Take the entries below and reproduce exactly the portion that begins at the line containing "Трансграничный полный английский" and ends at the line containing "Vintage 1982 Norman", keeping both ends, dropping pictures, and adding nothing else.
——————
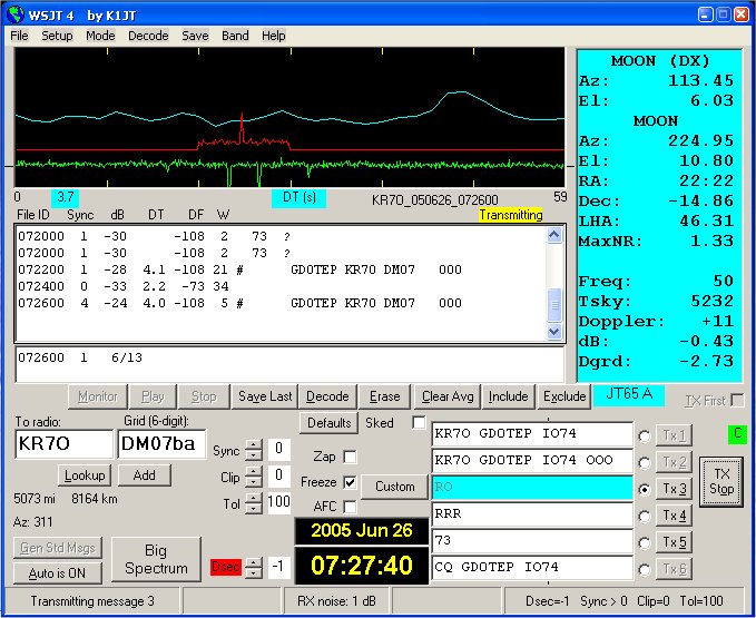 Robert and i have tried a few skeds prior to this one, each time without success, mainly due to amplifier, equipment, or some such failure, or even the WX on the island. This time (Sunday 26th June, 2005) we managed to complete. There's a nice clear set of callsigns and reports from Robert at 07:22 and 07:26, these resulted in my sending an RO report back.
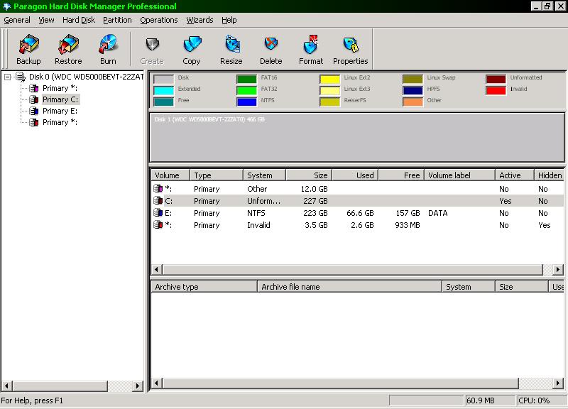 Загрузился бутцд, через Paragon Hard Disk Manager Pro посмотрел, что с разделами. Так выглядит, что диск вообще не разбит (см. картинко). Некоторые партиции как буд-то без системы, хотя в проводнике (Explorer) видны файлы, но не ко всем папкам есть доступ. А некоторые повреждены (invalid). Не смог найти никакой функции в этой проге и некоторых других, чтоб попробовать восстановить эти проблемы.
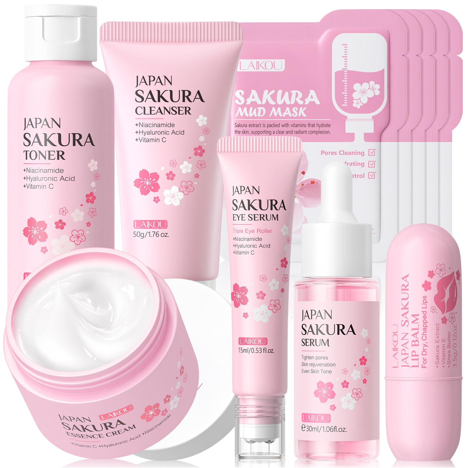 Трансграничный полный английский набор по уходу за кожей серии LAIKOU Sakura Комбинированный уход за лицом полный набор увлажняющий завод на складе
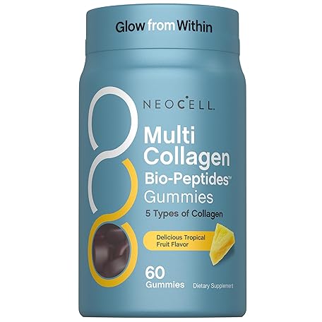 NeoCell Multi Collagen Bio-Peptides Gummies | 60 ct | Tropical Flavor | Type I, II, III, V, X | Advanced BioActive Formula
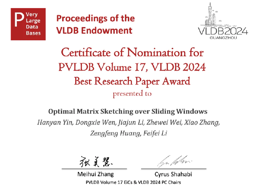 8月29日,数据管理与数据库领域国际学术会议VLDB 2024公布了论文获奖名单,av直播 魏哲巍教授、张骁助理教授与复旦大学黄增峰教授、阿里巴巴集团李飞飞博士合作的论文“Optimal Matrix Sketching over Sliding Windows”获得了最佳论文提名奖(Best Research Paper Nominations)。魏哲巍教授担任本文通讯作者,其与张骁助理教授指导的硕士生尹涵燕、博士生文东勰和李家郡为学生作者。VLDB(International Conference on Very Large Data Bases)会议是数据管理与数据库领域的三大国际顶尖学术会议之一,被中国计算机学会(CCF)推荐为A类国际会议。VLDB 2024会议于2024年8月26-30日在广州召开。
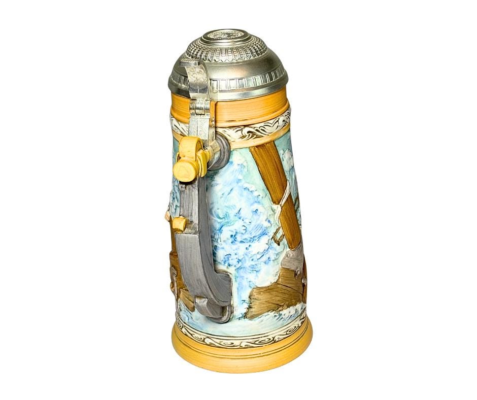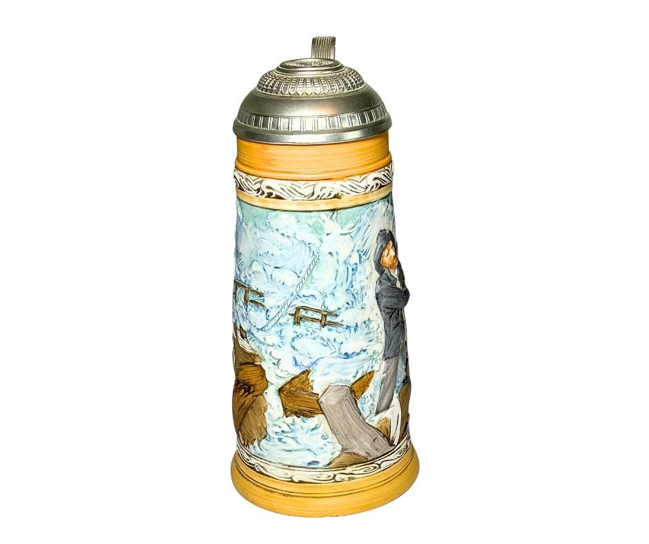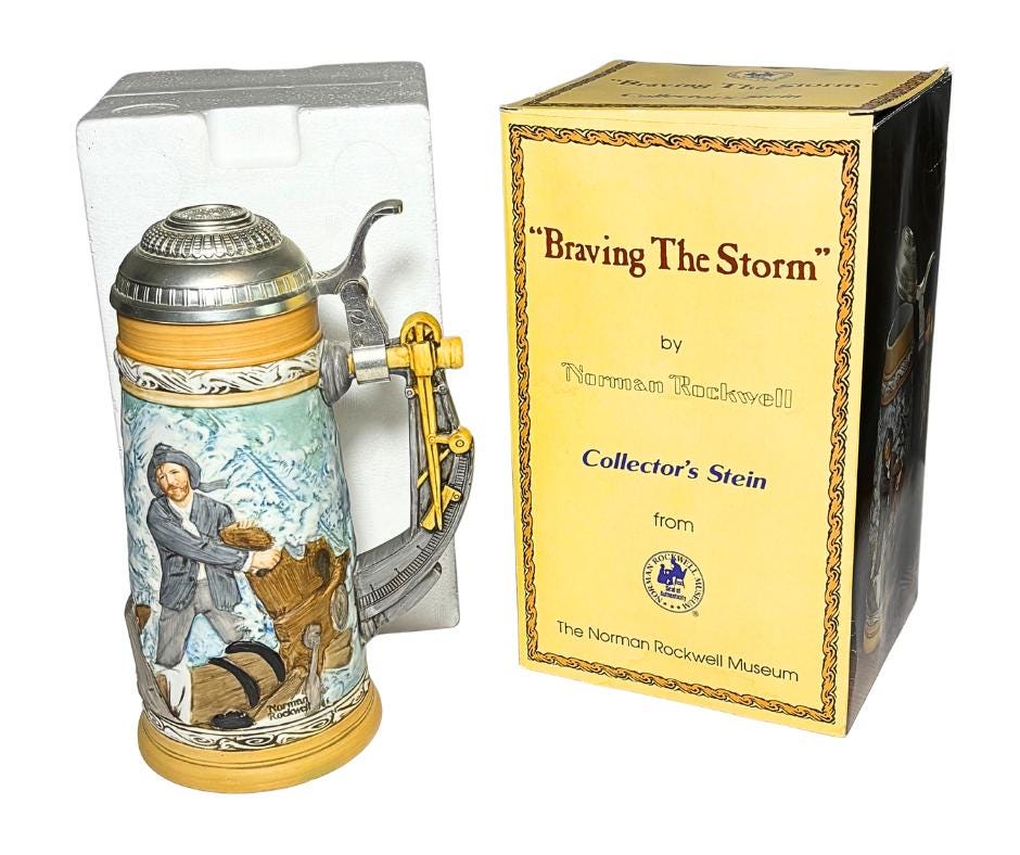 Vintage 1982 Norman Rockwell Braving The Storm Collector's Stein W/ Hinged Lid Certificate Of Authenticity And Box- No. 2,682
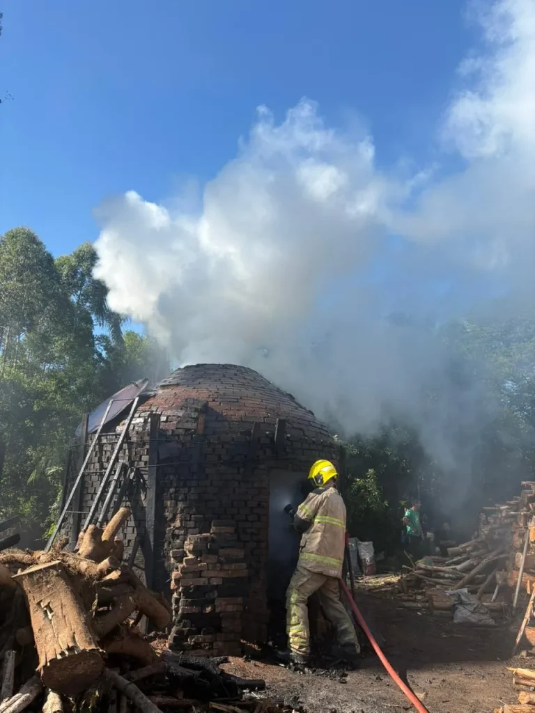 O Corpo de Bombeiros de Ivoti atendeu, na manhã desta terça-feira (6), uma ocorrência de incêndio em um forno de carvão na localidade de 48 Alta. O chamado foi registrado por volta das 8h20.
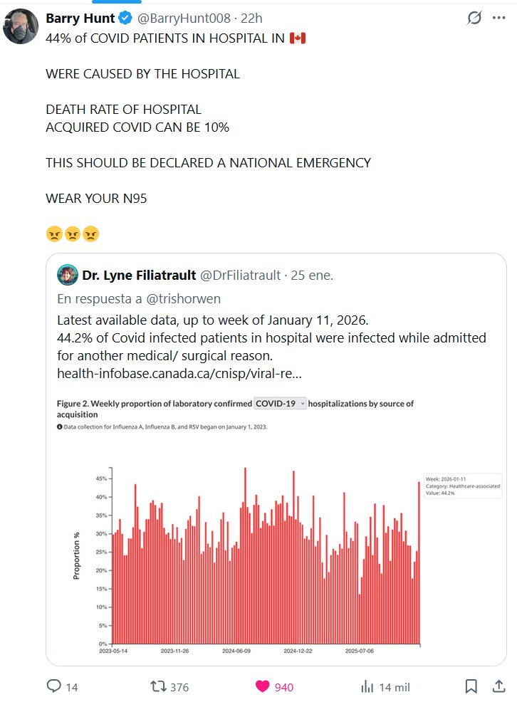 Barry Hunt @BarryHunt008 · El 44% de los pacientes con COVID hospitalizados en 🇨🇦 fueron causados por el hospital. La tasa de mortalidad hospitalaria por COVID puede ser del 10%. Esto debería declararse una emergencia nacional. Use su mascarilla N95. 😠😠😠
——————
» **Exercise result**
 Трансграничный полный английский набор по уходу за кожей серии LAIKOU Sakura Комбинированный уход за лицом полный набор увлажняющий завод на складе
 NeoCell Multi Collagen Bio-Peptides Gummies | 60 ct | Tropical Flavor | Type I, II, III, V, X | Advanced BioActive Formula
 8月29日,数据管理与数据库领域国际学术会议VLDB 2024公布了论文获奖名单,av直播 魏哲巍教授、张骁助理教授与复旦大学黄增峰教授、阿里巴巴集团李飞飞博士合作的论文“Optimal Matrix Sketching over Sliding Windows”获得了最佳论文提名奖(Best Research Paper Nominations)。魏哲巍教授担任本文通讯作者,其与张骁助理教授指导的硕士生尹涵燕、博士生文东勰和李家郡为学生作者。VLDB(International Conference on Very Large Data Bases)会议是数据管理与数据库领域的三大国际顶尖学术会议之一,被中国计算机学会(CCF)推荐为A类国际会议。VLDB 2024会议于2024年8月26-30日在广州召开。
 Vintage 1982 Norman Rockwell Braving The Storm Collector's Stein W/ Hinged Lid Certificate Of Authenticity And Box- No. 2,682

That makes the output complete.